If there were any doubts that Gov. Chris Christie has mentally checked out of the State House, they were laid to rest this Tuesday when the governor presented his utterly absurd state aid proposal for New Jersey’s schools.

Just how outrageous is Christie’s plan? It’s so crazy that it would actually make more sense to build a wall along the Rio Grande and expect Mexico to pay for it (oh, wait …).

In contradiction to repeated rulings by the New Jersey Supreme Court, a large and growing body of education research, and plain old commonsense, Christie has embraced the notion of “fair funding” for New Jersey’s public schools.

While the details put out by the governor’s office are (typically) light, the basic idea is similar to a plan long pushed by tea-gulpin’ Republican State Senator Mike Doherty. The entire pot of state aid for schools (with the exception of special-education aid) would be divided evenly among all districts by student enrollment.

Currently, New Jersey’s School Funding Reform Act (SFRA) “weights” student enrollments, allocating more funds to districts that serve greater proportions of students in economic disadvantage or who have limited proficiency in English (LEP).

Weighted funding is the rational response to a host of evidence that shows money does matter in schooling, and districts serving more at-risk students need more resources to provide them with an adequate education.

Certainly, Christie must believe more funding leads to better schools: why else would he send his own children to well-resourced private schools with per-pupil spending budgets well in excess of the average New Jersey public school?

In his speech, however, Christie attempted to make the case that districts serving many at-risk students don’t need more funding. His proof, bizarrely, was the “success” of a few select charter schools in urban centers with large enrollments of students of color.

The first problem with this argument is that Christie hasn’t even followed the SFRA formula: this year, according to the Education Law Center, schools were underfunded by $1 billion. This follows years of cumulative underfunding of SFRA. How are New Jersey’s urban districts supposed to help their students meet the state’s tough new standards when they aren’t given the resources the state’s own law says they need?

Next, Christie conveniently forgets that his administration is directly responsible for managing the four state-run districts -- Newark, Jersey City, Paterson, and Camden -- and has installed fiscal monitors in other districts like Asbury Park and Trenton. If there is “failure” in those districts, it is entirely the responsibility of Chris Christie.

Finally, as I’ve shown in my own research, the comparisons between charters and their host districts don’t hold up simply because the two sectors serve fundamentally different populations of students Charters, on average, enroll fewer at-risk students, far fewer LEP students, and far fewer students with special-education disabilities -- particularly high-cost disabilities.

But even setting that aside, Christie’s plan would inevitably punish the very charter schools he holds up as exemplars. Charters rely on state aid “pass-throughs” from their host school districts. If Christie cuts aid to Newark and Paterson and Camden, he will, effectively, be cutting aid to a large portion of the charter sector.

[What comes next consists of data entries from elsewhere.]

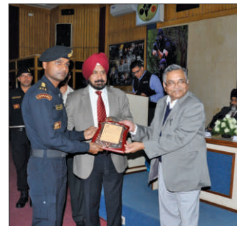
MAKING US PROUD

The impetus on modernisation and up gradation is manifesting in the mushrooming of several critical facilities which aim to enhance the overall standard of training and living of the Black Cats . A state of the art Niranjan Auditorium with a virtual classroom, 580 men barrack, innovatively designed confidence jump, IED Modular Range, modern equipment like ROVs & target systems will add to the world class infrastructure in Manesar Garrison.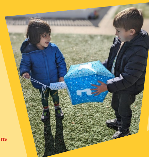
◀ Jewish Community Center

Louisiana Community Mikvah Gold-level Donation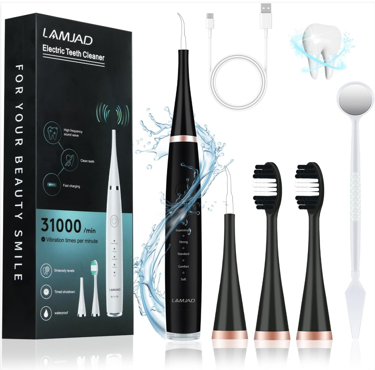
Image: Overview of the LAMJAD Electric Toothbrush and its included accessories, such as the main unit, multiple brush heads, and a USB charging cable.

Or does he plan to continue to “hold harmless” charter schools in their funding, as is currently the case? He certainly implied that in an interview with NJ Spotlight after Tuesday’s press conference. If so, the additional financial blow to districts like Newark with large charter enrollments could be catastrophic.

Christie also wants to cut aid to the districts that are least able to raise revenues through local taxes. Suppose two districts want to spend equivalent amounts per pupil on schools, but one district has greater property wealth. The property-poor district has to tax its citizens at a higher rate to get the same amount of funding as a property-rich district.

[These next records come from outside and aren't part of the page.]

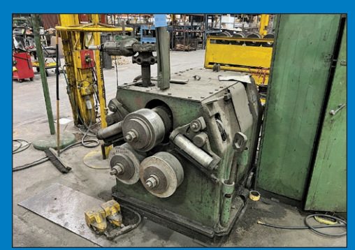
Kling and Sesco Angle Rolls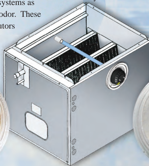
Hornet bathing a residential A/C coil with UV-C energy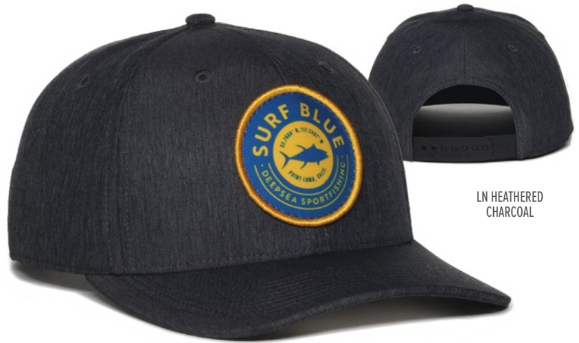
LN HEATHERED CHARCOAL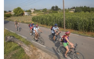
2 L'Aldea-Lligallo. Orchards.

We continue and after 300m come to a roundabout. We go straight ahead towards l'Ampolla on the Roquer road, from which we can see the deltaic plain, as we are just on (and above) the old coastline.

Removing any consideration of a district’s ability to raise funds for its schools from the state aid system is a recipe for inequitably funded education. Districts with low property values will have no choice but to slash programs, increase class sizes, and settle for underqualified teachers.

Is this really the legacy Chris Christie wants?

I doubt it. Repeatedly, Christie has put forward policies that have no chance of gaining political support, let alone passing constitutional muster. There is simply no way the courts, the Legislature, or the public will allow this to go forward.

I will be the first to agree that we need to have a serious conversation about reworking New Jersey’s school-funding formula. It is indefensible to continue to allow a gentrified city like Hoboken to shirk its responsibility to pay its local fair share for schools while working-class cities like Dover and Bayonne continue to struggle to fund their districts.

But Christie’s illogical and unconstitutional plan keeps us from having that conversation. I can only hope the Legislature, the state’s education stakeholders, and the prospective gubernatorial candidates treat Christie’s plan for what it is: a cynical ploy to court the far-right political base he needs to continue his political career.

Mark Weber is a public school music teacher in Warren Township; a doctoral student at Rutgers University in Education Theory, Organization, and Policy; an NJEA member; and a former New Jersey public school parent. He blogs at Jersey Jazzman His opinions are his own and are not necessarily those of his employers, Rutgers, the NJEA, or NJ Spotlight.